**Task brief**
Restate the full listing word for word and leave the pictures out.

**Dataset section**

·····

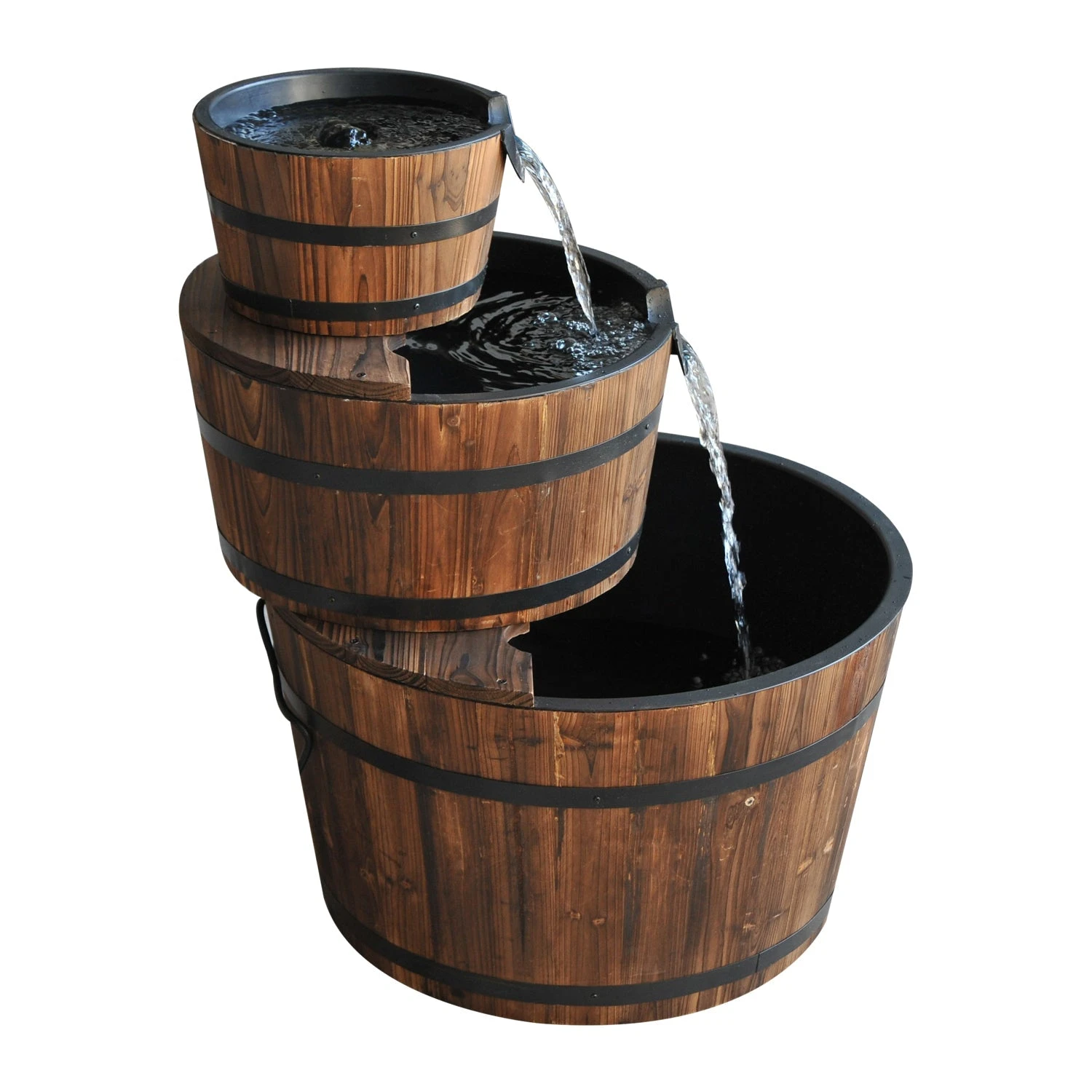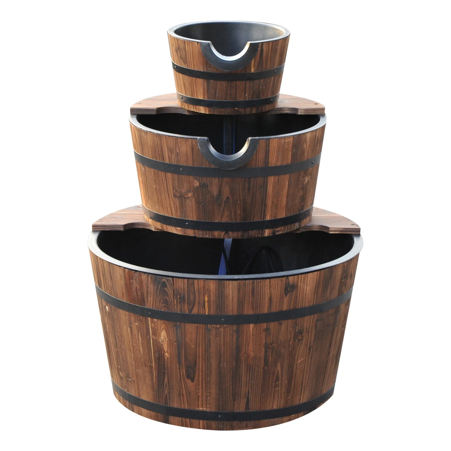 - 3-tier wooden barrels, cascading waterfalls from the first tier barrel to the bottom barrel
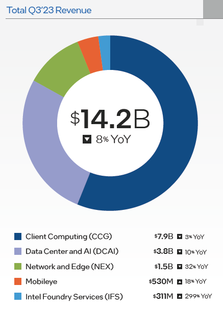 A direção de componentes de rede e computação periférica (NEX) na comparação anual mostrou uma diminuição na receita em 32%, para US$ 1,5 bilhão, o lucro operacional caiu 91%. O mercado ainda sofre com a baixa demanda e com a preservação do aumento dos estoques de produtos. A subsidiária Mobileye registrou um crescimento de receita de 18% em relação ao ano anterior, para US$ 530 milhões no terceiro trimestre, à medida que a demanda por sua família de chips EyeQ usados em sistemas de assistência ao motorista cresceu. O lucro operacional da divisão aumentou 20%, para US$ 170 milhões, mas as perspectivas futuras para a divisão israelense da Intel são obscurecidas pelo conflito militar em curso na região. As atividades da empresa Intel em Israel não foram afetadas pelos acontecimentos recentes na região.
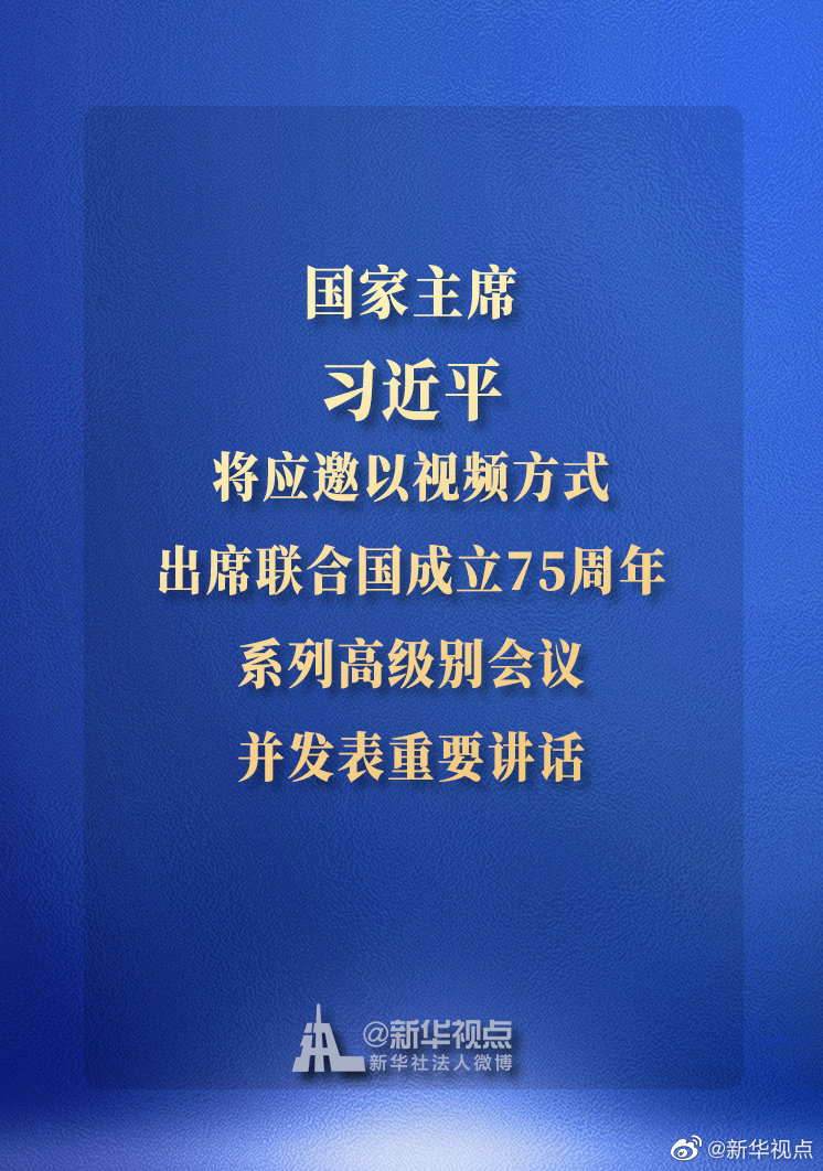 外交部發言人華春瑩15日宣布:國家主席習近平將應邀以視頻方式出席聯合國成立75周年系列高級別會議并發表重要講話。?

·····

**Your solution**
 - 3-tier wooden barrels, cascading waterfalls from the first tier barrel to the bottom barrel
 A direção de componentes de rede e computação periférica (NEX) na comparação anual mostrou uma diminuição na receita em 32%, para US$ 1,5 bilhão, o lucro operacional caiu 91%. O mercado ainda sofre com a baixa demanda e com a preservação do aumento dos estoques de produtos. A subsidiária Mobileye registrou um crescimento de receita de 18% em relação ao ano anterior, para US$ 530 milhões no terceiro trimestre, à medida que a demanda por sua família de chips EyeQ usados em sistemas de assistência ao motorista cresceu. O lucro operacional da divisão aumentou 20%, para US$ 170 milhões, mas as perspectivas futuras para a divisão israelense da Intel são obscurecidas pelo conflito militar em curso na região. As atividades da empresa Intel em Israel não foram afetadas pelos acontecimentos recentes na região.
 外交部發言人華春瑩15日宣布:國家主席習近平將應邀以視頻方式出席聯合國成立75周年系列高級別會議并發表重要講話。?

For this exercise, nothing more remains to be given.